Instructions to follow: Only the lines from the one containing "Party paper plate" through the end of the material should be printed, exactly as they appear. Leave out pictures.

Extracted material:
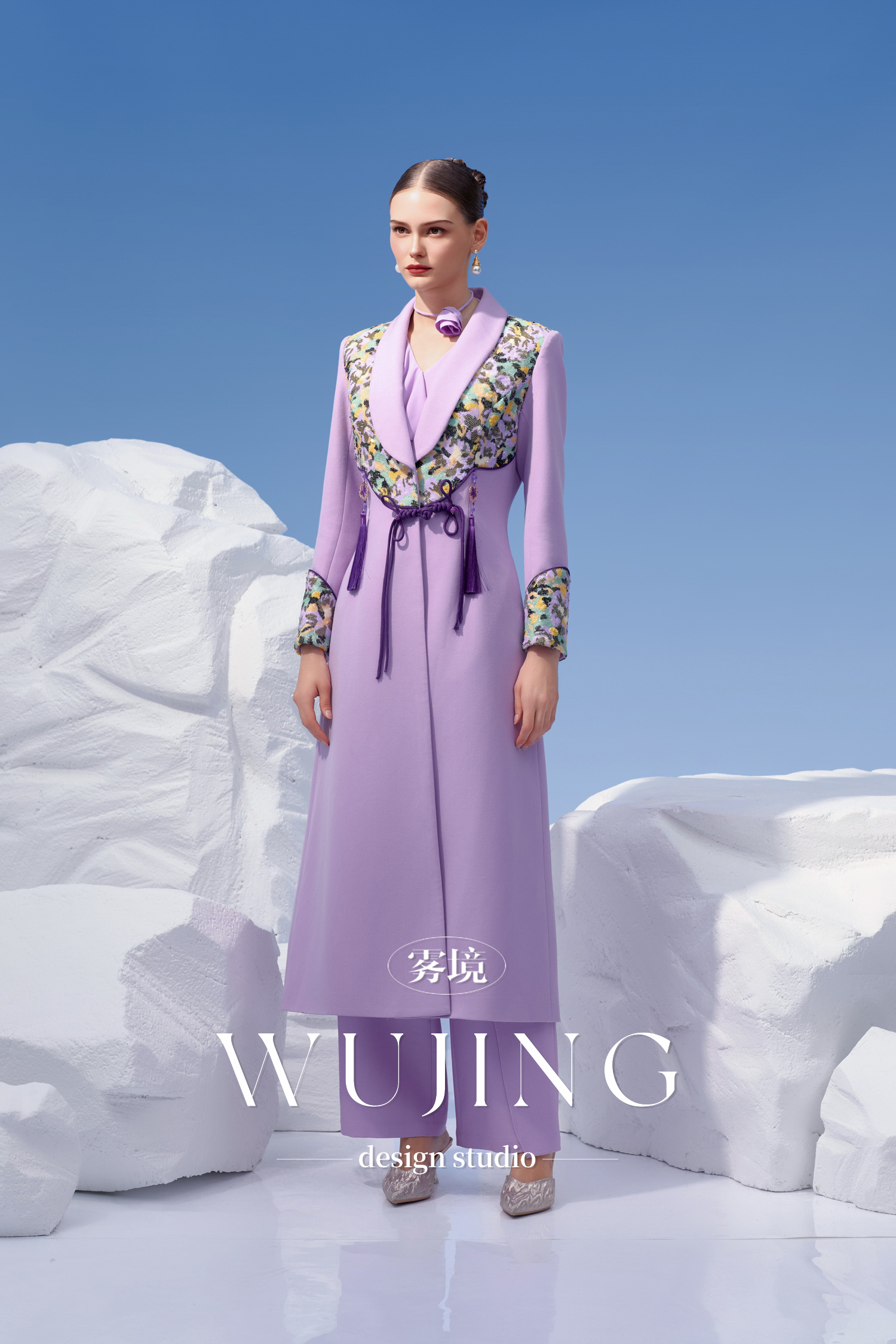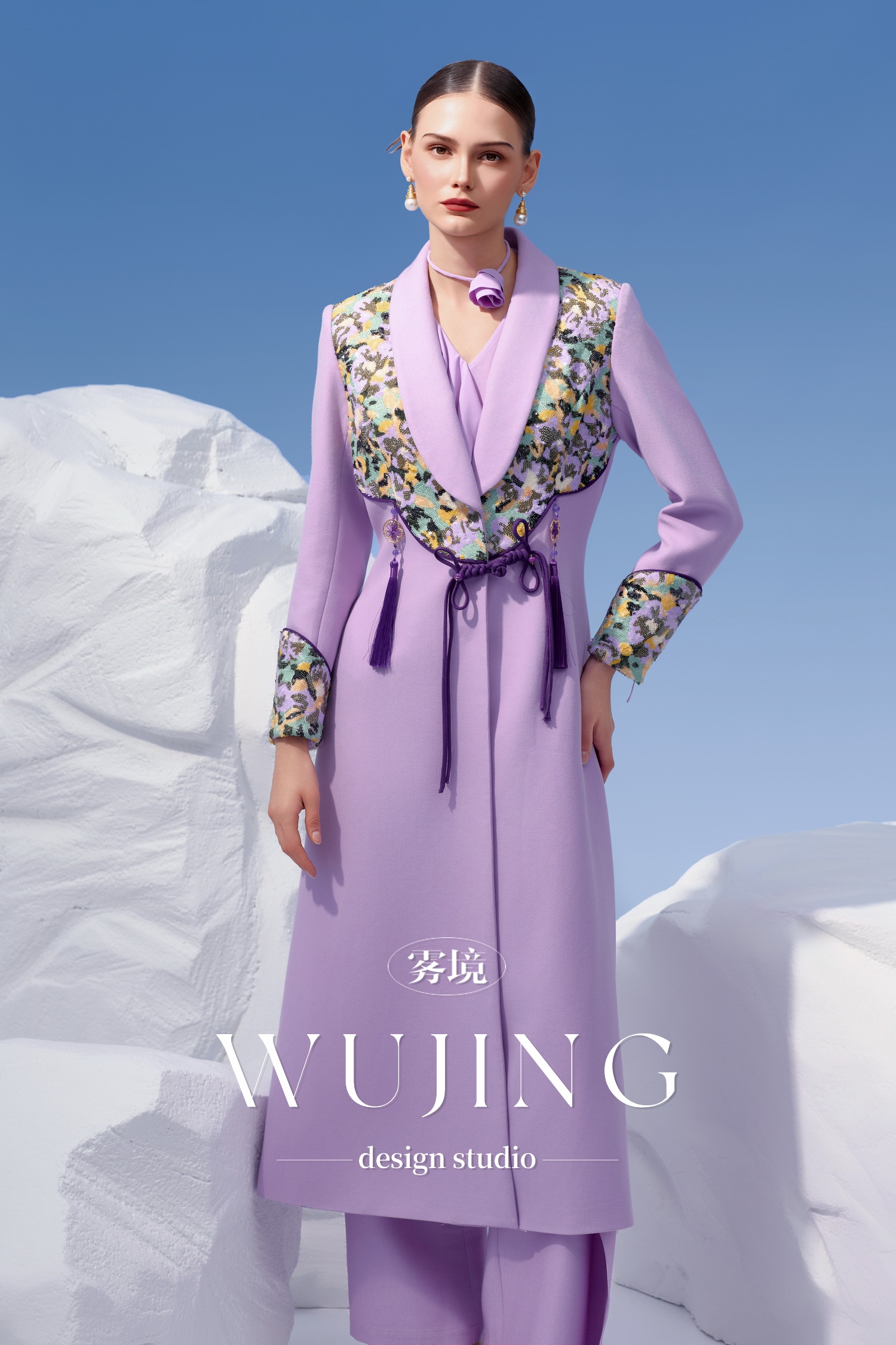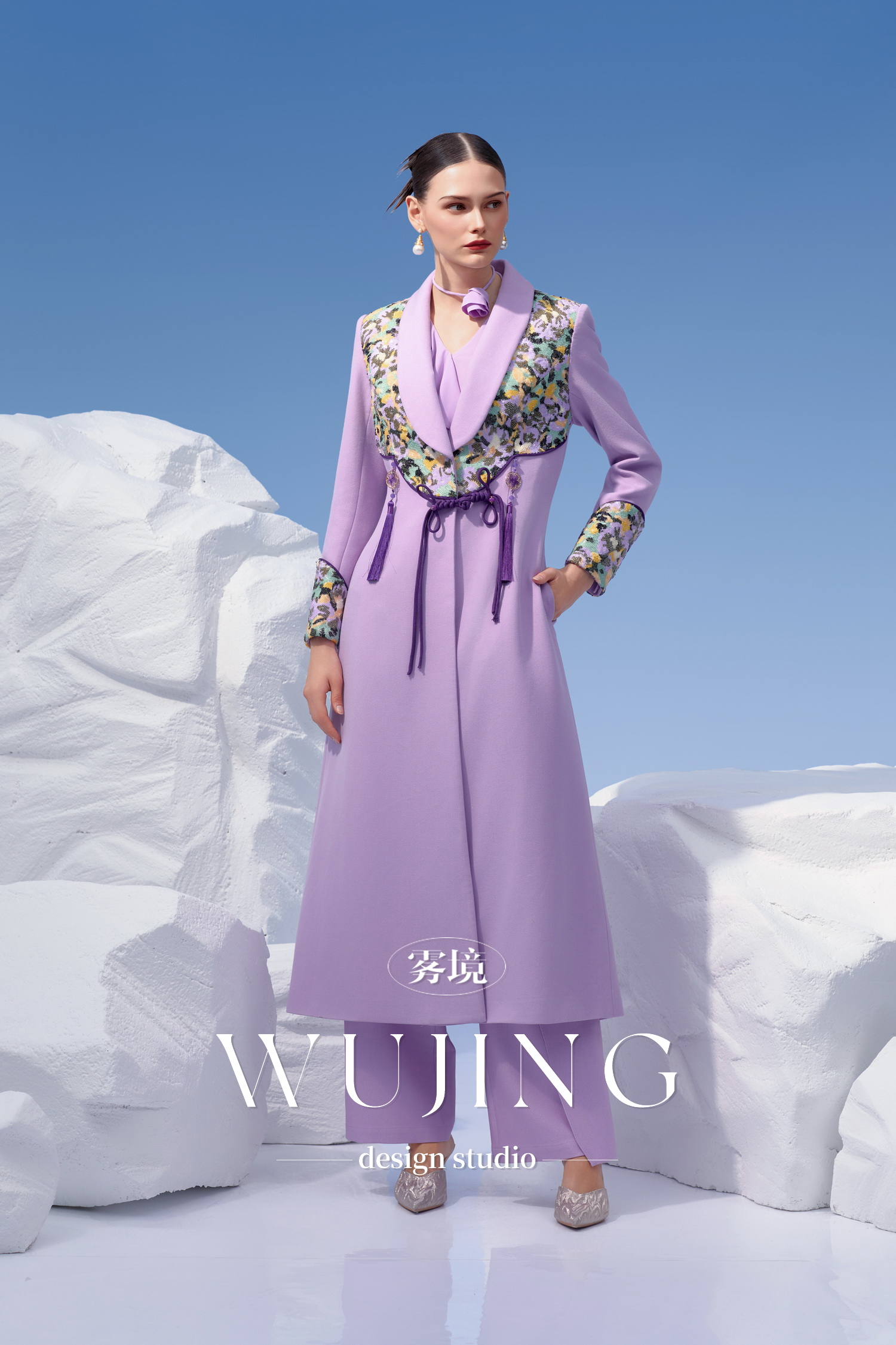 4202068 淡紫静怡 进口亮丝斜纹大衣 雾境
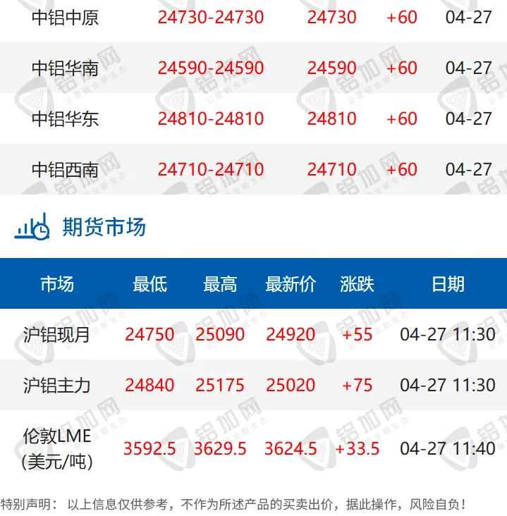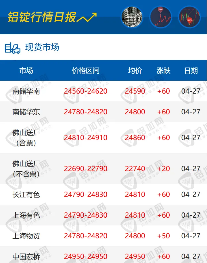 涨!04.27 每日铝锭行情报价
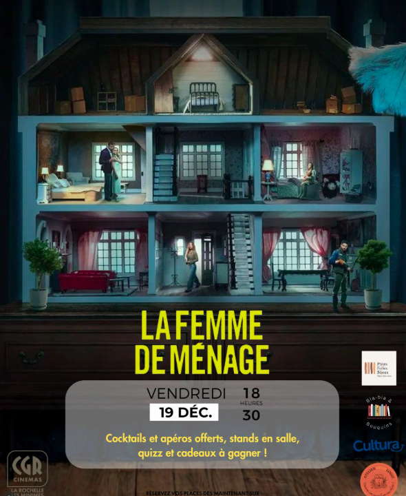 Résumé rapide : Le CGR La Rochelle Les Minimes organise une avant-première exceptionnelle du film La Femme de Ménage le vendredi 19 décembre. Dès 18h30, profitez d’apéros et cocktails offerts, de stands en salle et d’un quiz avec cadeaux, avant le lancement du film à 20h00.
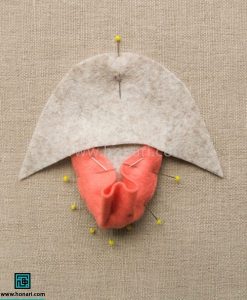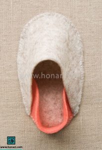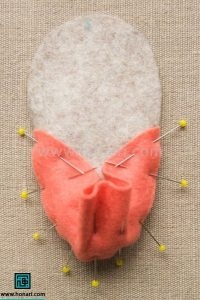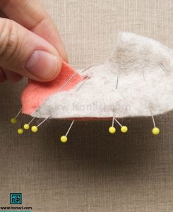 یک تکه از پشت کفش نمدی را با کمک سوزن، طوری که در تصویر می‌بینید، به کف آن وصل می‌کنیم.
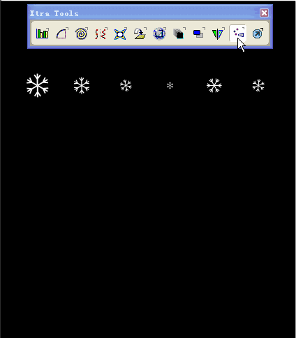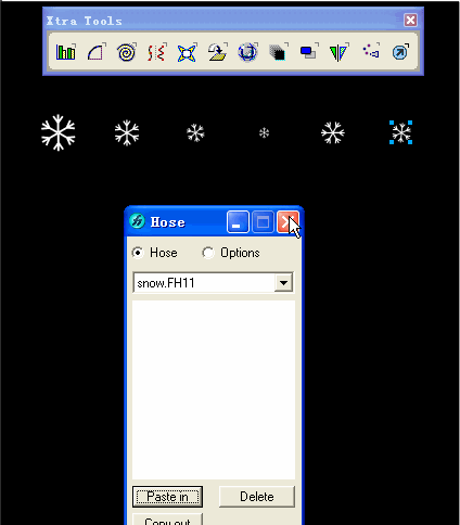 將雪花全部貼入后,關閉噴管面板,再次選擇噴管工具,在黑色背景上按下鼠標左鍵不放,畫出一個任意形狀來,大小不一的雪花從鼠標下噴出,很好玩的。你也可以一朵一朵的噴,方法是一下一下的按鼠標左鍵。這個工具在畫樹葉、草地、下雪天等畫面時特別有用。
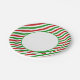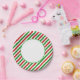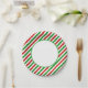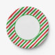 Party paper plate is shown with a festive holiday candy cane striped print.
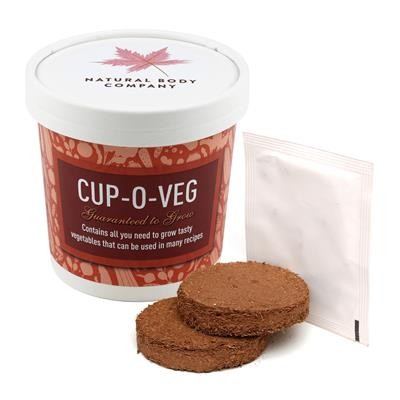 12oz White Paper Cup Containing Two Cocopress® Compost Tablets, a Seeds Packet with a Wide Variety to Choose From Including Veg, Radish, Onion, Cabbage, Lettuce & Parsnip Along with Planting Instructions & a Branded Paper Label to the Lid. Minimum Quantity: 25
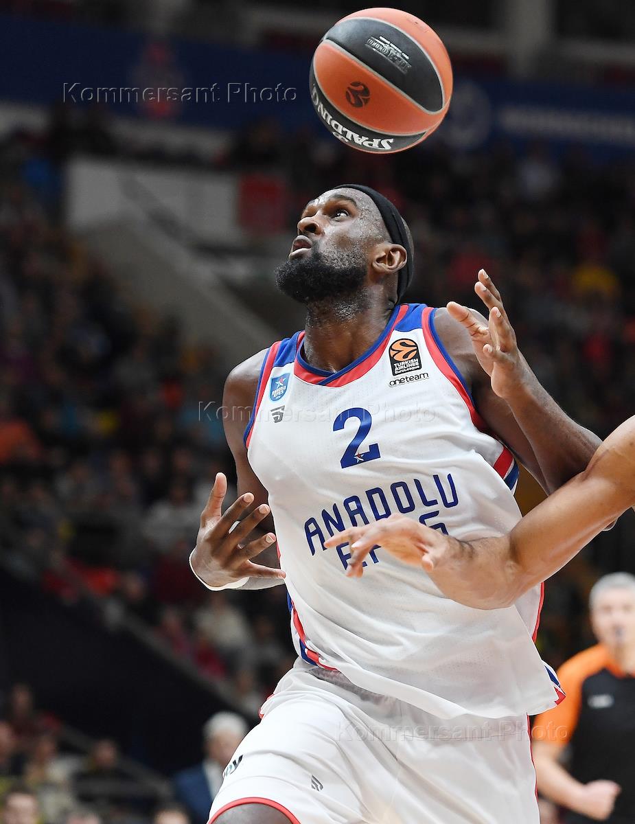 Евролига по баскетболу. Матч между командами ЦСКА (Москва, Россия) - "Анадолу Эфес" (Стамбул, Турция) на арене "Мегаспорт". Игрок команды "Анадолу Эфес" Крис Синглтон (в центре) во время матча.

Answer space:
 Party paper plate is shown with a festive holiday candy cane striped print.
 12oz White Paper Cup Containing Two Cocopress® Compost Tablets, a Seeds Packet with a Wide Variety to Choose From Including Veg, Radish, Onion, Cabbage, Lettuce & Parsnip Along with Planting Instructions & a Branded Paper Label to the Lid. Minimum Quantity: 25
 Евролига по баскетболу. Матч между командами ЦСКА (Москва, Россия) - "Анадолу Эфес" (Стамбул, Турция) на арене "Мегаспорт". Игрок команды "Анадолу Эфес" Крис Синглтон (в центре) во время матча.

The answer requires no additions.